Witherspoon’s adult fiction debut, co-authored with thrillermeister Coben, opens as heart surgery performed by Dr. Marc Adams in a North African refugee camp is interrupted by the explosive invasion of armed militants. It's the last we will see of Marc in this dimension. The next chapter jumps ahead one year to a ceremony at Johns Hopkins University in Baltimore where his widow, Maggie McCabe, is supposed to be presenting an award in honor of her mother. Miserable and anxious about appearing in public after having lost her medical license, she consults with her late husband on her phone—not via supernatural means, but using a "griefbot," an amazingly lifelike and functional AI app created by her genius sister, Sharon.
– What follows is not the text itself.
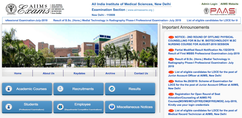 - Go to the official website of All India Institute of Medical Sciences at aiimsexams.org.

Once the griefbot coaxes her to brave the sneering masses, she learns she’s been replaced on the podium anyway. But she runs into a former professor, a celebrity plastic surgeon, who requests a meeting with her at his office in New York and won’t take no for an answer. Next thing she knows, there’s $10 million in her bank account and she’s on a private plane heading to a palace outside Moscow where she’s been engaged to perform off-the-record surgery on billionaire Oleg Ragoravich (new face) and his girlfriend, Nadia (new boobs). And…we’re off. A whirl of surgeries, chases, and escapes ensues as Maggie gradually comes to understand who these people are and what they have in mind for her, and how it connects to Marc and their missing friend and business partner, Trace Packer. She is aided by her delightful father-in-law, Porkchop, owner of a biker bar in New York City and a very handy guy to have on your team if you've run afoul of an international criminal organization. From the palace in Rublevka the action moves to Dubai and then Bordeaux, climaxing in a high-stakes illegal heart transplant. But wait—is Marc really dead? What happened to Trace? Who is Nadia really? Though these smoldering questions don’t quite catch fire, it's a good first try for Witherspoon.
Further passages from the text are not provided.